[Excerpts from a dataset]
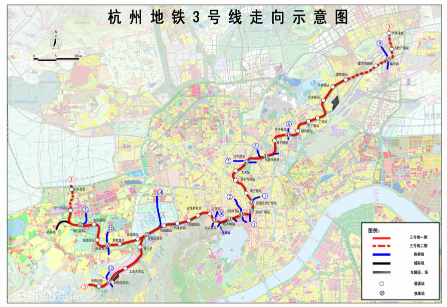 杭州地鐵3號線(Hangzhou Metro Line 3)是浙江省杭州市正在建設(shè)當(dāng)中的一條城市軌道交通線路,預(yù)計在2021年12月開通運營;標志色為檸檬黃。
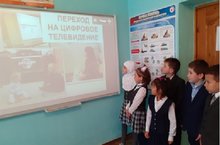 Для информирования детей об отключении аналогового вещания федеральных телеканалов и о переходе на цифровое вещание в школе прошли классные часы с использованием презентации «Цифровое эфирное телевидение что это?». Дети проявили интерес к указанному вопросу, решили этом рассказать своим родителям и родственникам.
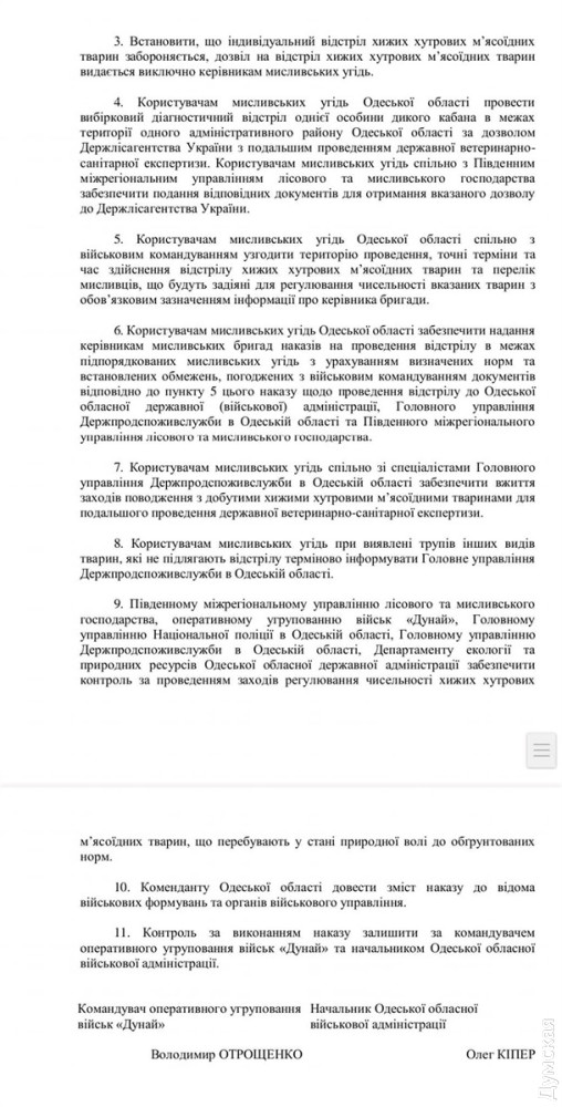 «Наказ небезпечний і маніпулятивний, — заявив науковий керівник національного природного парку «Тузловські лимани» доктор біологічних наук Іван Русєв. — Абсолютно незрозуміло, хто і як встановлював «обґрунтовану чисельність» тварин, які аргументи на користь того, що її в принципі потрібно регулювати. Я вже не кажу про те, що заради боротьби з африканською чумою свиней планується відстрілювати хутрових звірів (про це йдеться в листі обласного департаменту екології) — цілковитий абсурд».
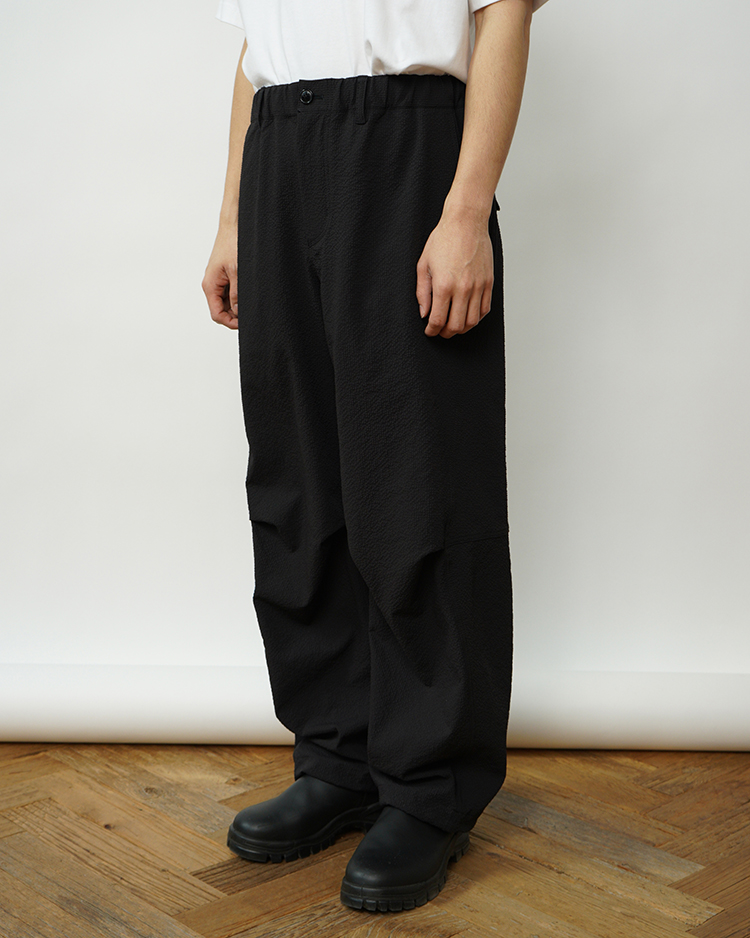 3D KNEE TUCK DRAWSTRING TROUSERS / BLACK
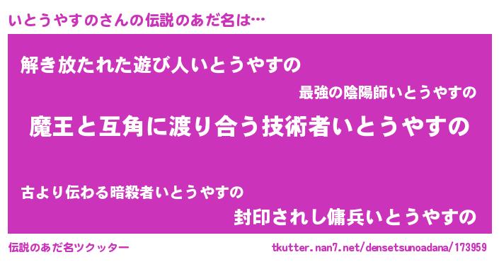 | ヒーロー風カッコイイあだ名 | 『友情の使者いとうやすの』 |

__Task statement__. Your answer must be the lines from the one holding "3D KNEE TUCK DRAWSTRING TROUSERS / BLACK" through the final line of the records above, exactly as written and without any pictures.

__Written answer__.
 3D KNEE TUCK DRAWSTRING TROUSERS / BLACK
 | ヒーロー風カッコイイあだ名 | 『友情の使者いとうやすの』 |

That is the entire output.